Exercise data section start

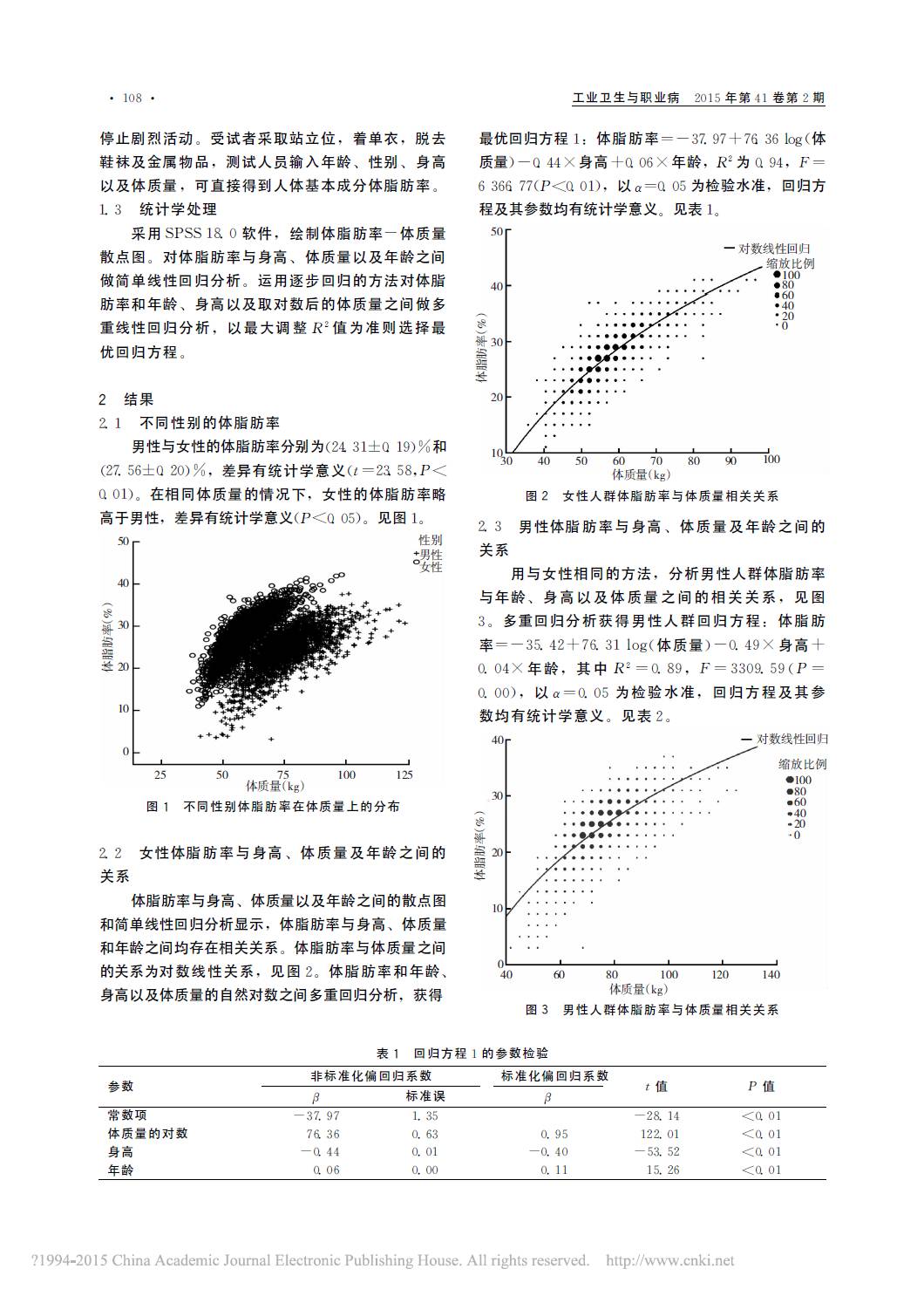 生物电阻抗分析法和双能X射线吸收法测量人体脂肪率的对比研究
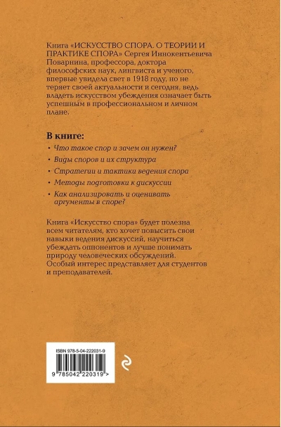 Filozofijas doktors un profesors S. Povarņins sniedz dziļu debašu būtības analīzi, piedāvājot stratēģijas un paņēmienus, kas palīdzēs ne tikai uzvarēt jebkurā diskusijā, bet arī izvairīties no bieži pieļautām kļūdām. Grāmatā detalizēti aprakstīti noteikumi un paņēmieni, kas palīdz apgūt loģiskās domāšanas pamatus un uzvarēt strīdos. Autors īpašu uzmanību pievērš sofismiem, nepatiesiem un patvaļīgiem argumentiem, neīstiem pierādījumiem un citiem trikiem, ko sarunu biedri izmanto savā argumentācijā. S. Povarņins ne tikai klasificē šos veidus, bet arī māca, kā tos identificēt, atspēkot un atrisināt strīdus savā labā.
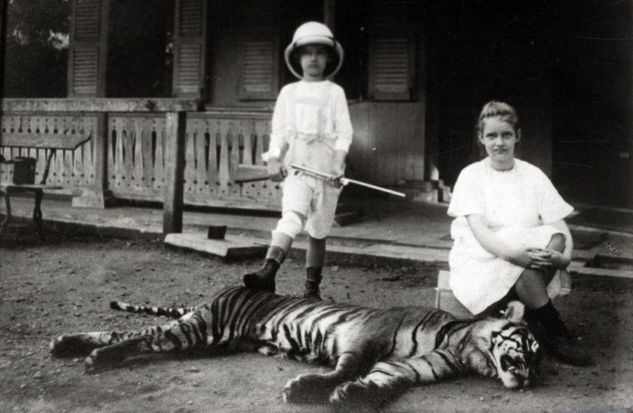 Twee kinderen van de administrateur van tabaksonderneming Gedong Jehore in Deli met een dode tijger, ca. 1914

Exercise data section end

All of the preceding material should be output verbatim, with the pictures excluded.

• _Result_:
 生物电阻抗分析法和双能X射线吸收法测量人体脂肪率的对比研究
 Filozofijas doktors un profesors S. Povarņins sniedz dziļu debašu būtības analīzi, piedāvājot stratēģijas un paņēmienus, kas palīdzēs ne tikai uzvarēt jebkurā diskusijā, bet arī izvairīties no bieži pieļautām kļūdām. Grāmatā detalizēti aprakstīti noteikumi un paņēmieni, kas palīdz apgūt loģiskās domāšanas pamatus un uzvarēt strīdos. Autors īpašu uzmanību pievērš sofismiem, nepatiesiem un patvaļīgiem argumentiem, neīstiem pierādījumiem un citiem trikiem, ko sarunu biedri izmanto savā argumentācijā. S. Povarņins ne tikai klasificē šos veidus, bet arī māca, kā tos identificēt, atspēkot un atrisināt strīdus savā labā.
 Twee kinderen van de administrateur van tabaksonderneming Gedong Jehore in Deli met een dode tijger, ca. 1914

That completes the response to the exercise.